● **MATERIAL FOR THE TASK**:
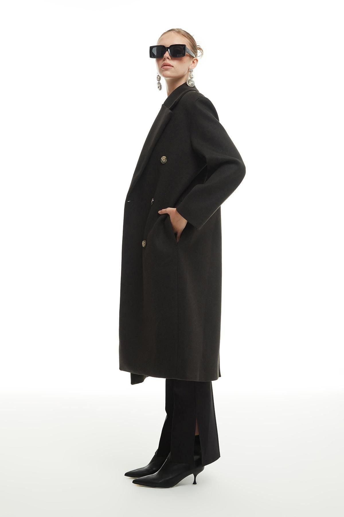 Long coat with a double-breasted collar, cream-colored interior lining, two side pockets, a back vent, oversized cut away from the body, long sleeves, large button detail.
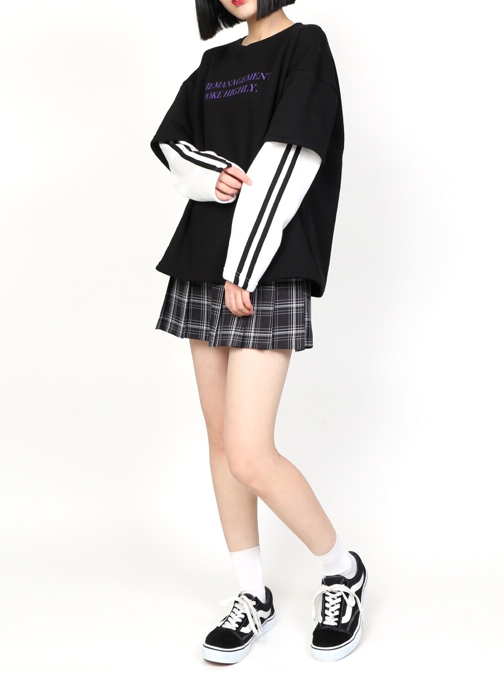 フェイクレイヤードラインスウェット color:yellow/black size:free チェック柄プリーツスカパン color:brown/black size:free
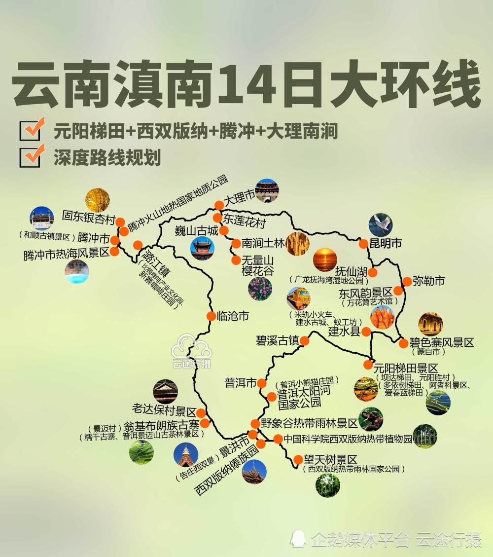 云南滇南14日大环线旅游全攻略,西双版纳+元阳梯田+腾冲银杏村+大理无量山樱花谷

--

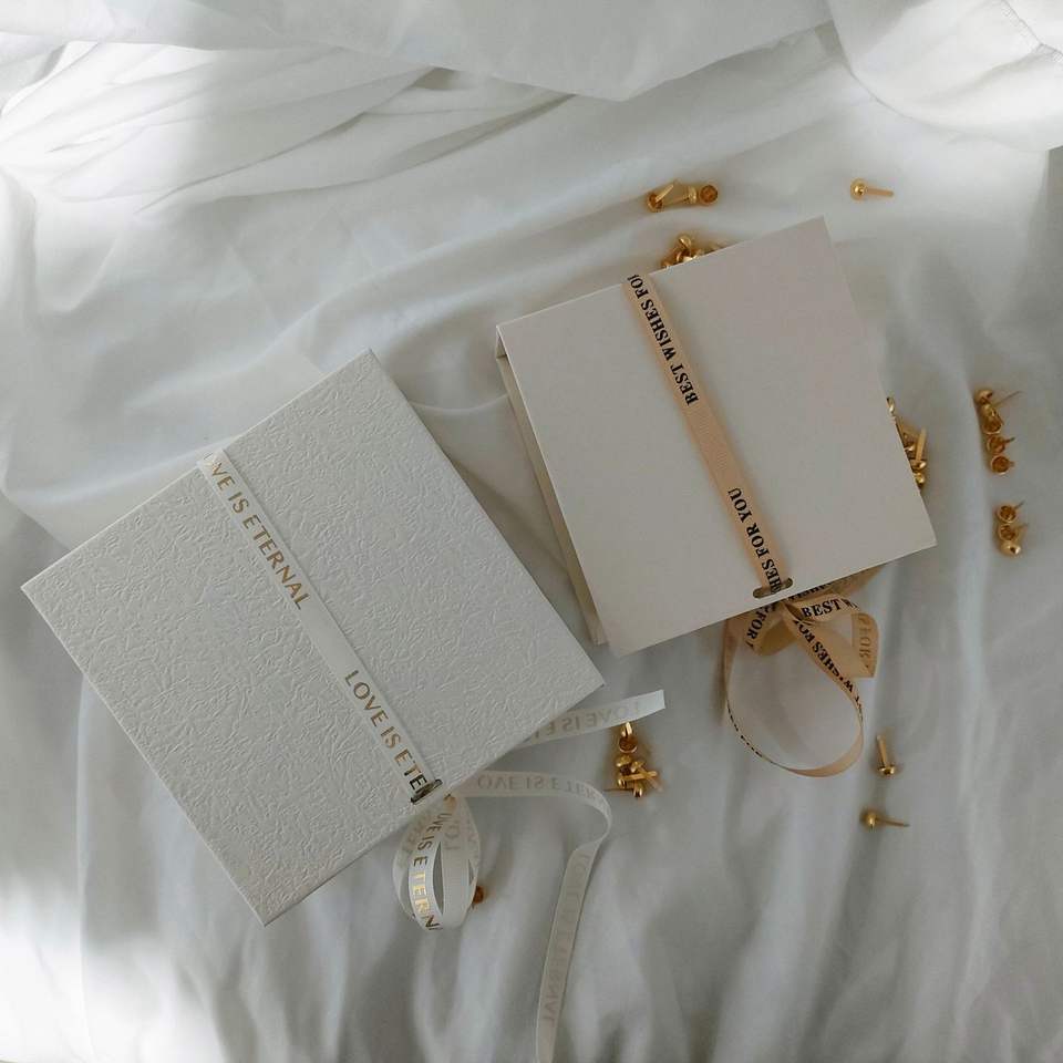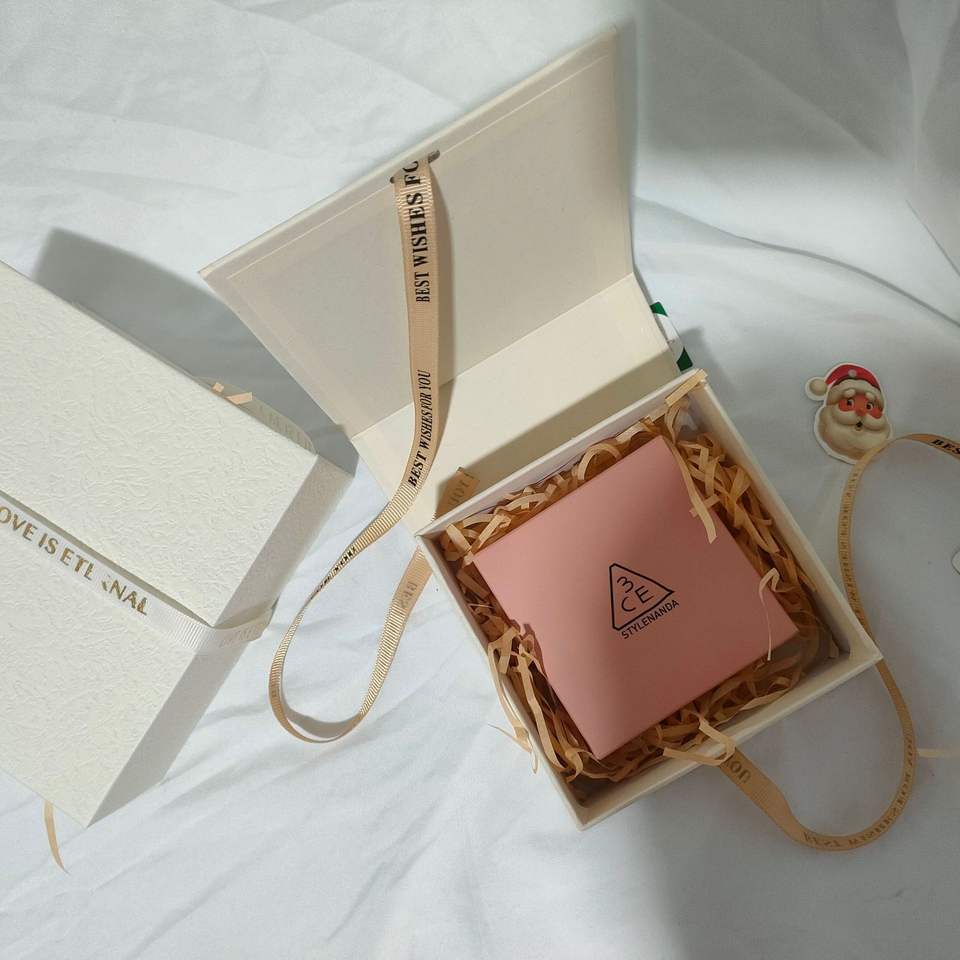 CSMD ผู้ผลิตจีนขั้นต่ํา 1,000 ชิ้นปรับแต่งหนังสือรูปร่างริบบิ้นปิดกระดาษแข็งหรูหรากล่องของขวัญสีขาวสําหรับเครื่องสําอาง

● **HOW TO COMPLETE THIS TASK**:
In the listing above, find the line with "フェイクレイヤードラインスウェット color:yellow/black size:free" and the line with "云南滇南14日大环线旅游全攻". Copy both of them and every line between, exactly, but not the pictures.

● **RESPONSE TO THE TASK**:
 フェイクレイヤードラインスウェット color:yellow/black size:free チェック柄プリーツスカパン color:brown/black size:free
 云南滇南14日大环线旅游全攻略,西双版纳+元阳梯田+腾冲银杏村+大理无量山樱花谷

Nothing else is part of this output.